I'm wondering why we don't see many instruments made with Fir?
Because it wasn't what was used in the instruments that were popular at the beginning of the ukulele's mainstream success, and those woods which were popular early have dominated the market. I think that's really the only reason. The instrument wood market is pretty tightly focused on what has worked in the past. The "experimenters" using odd stuff are usually either small makers (like Beansprout) who have a low enough volume that they can get enough of a supply of whatever they want despite the market, or large makers who are using alternative woods for some specific purpose (marketing or economical) and have enough sway over suppliers that they can get what they want. Otherwise, everyone just sticks to what has always been used.
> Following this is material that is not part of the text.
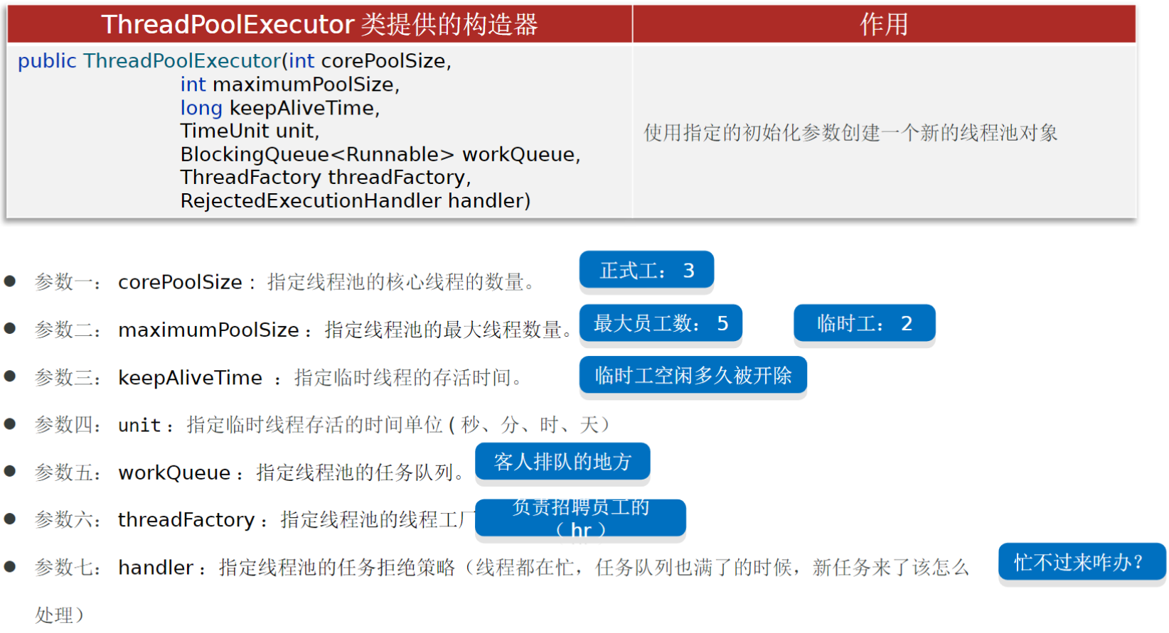 // 1、使用线程池的实现类ThreadPoolExecutor声明七个参数来创建线程池对象。

This produces a hierarchy where the most commonly used woods are the woods that were used most commonly in the past and it's hard for woods on lower tiers of popularity to become more popular. Unfortunately I don't think the hierarchy really accounts for actual tonal/structural properties at all. There are a lot of woods in the less popular category that are great performers. Fir among them. But to a certain extent, you can really build a good sounding ukulele from a huge variety of wood species, so there's often really no motivation for big brand makers to switch unless they are forced to.
So, basically, what it boils down to is that you don't see a lot of fir because it is hard to get a good supply of acceptable fir - because fir trees aren't really targeted for use in instruments. For a top, you really want quartersawn wood free from defects (pin knots, runout, twist etc) with tight ring spacing. For hardwoods this isn't so critical, but for a softwood like fir, it becomes pretty important - it's hard to make a top from flat sawn softwood and have it turn out nicely, because the stiffness and other characteristics just aren't there. This basically puts builders in a position where they have to be picky about their softwood tops. And this requisite picky-ness means that there's a sort of self-sustaining cycle where some softwoods are easy to get in instrument-quality lumber and some aren't - just based on what has been popular in the past, and not really based on what is actually suitable.
Sawyers will go looking for a red spruce tree big and straight enough to work for guitars, but they don't do that for fir. A lot of softwoods are grown and harvested for construction lumber, where they don't really care about growth ring spacing or small knots. Those tree farming methods produce a really high volume of lumber but don't really produce instrument-quality wood. A species like fir that's used almost exclusively as construction lumber is rarely if ever harvested in bulk outside these methods - so there just really isn't much quality, stiff, quartersawn fir around. To get the instrument quality wood, a sawyer has to go looking for it - which they only do for species that are already popular, like red spruce or sitka spruce or red cedar, etc. So for a species like douglas fir, there isn't much of a supply of the right stuff.
Kala or Martin could go out tomorrow and work with their suppliers to start getting a supply of fir, and then switch all their spruce-topped models to fir, but there's really no reason for them to do that. Manufacturers use what's available to them in the right volume at the right price, and what they're familiar with. This creates a perception in the marketplace that those woods are "the best" from a tone or structural perspective. The popular woods are certainly good - but that doesn't meant that unpopular woods aren't good as well.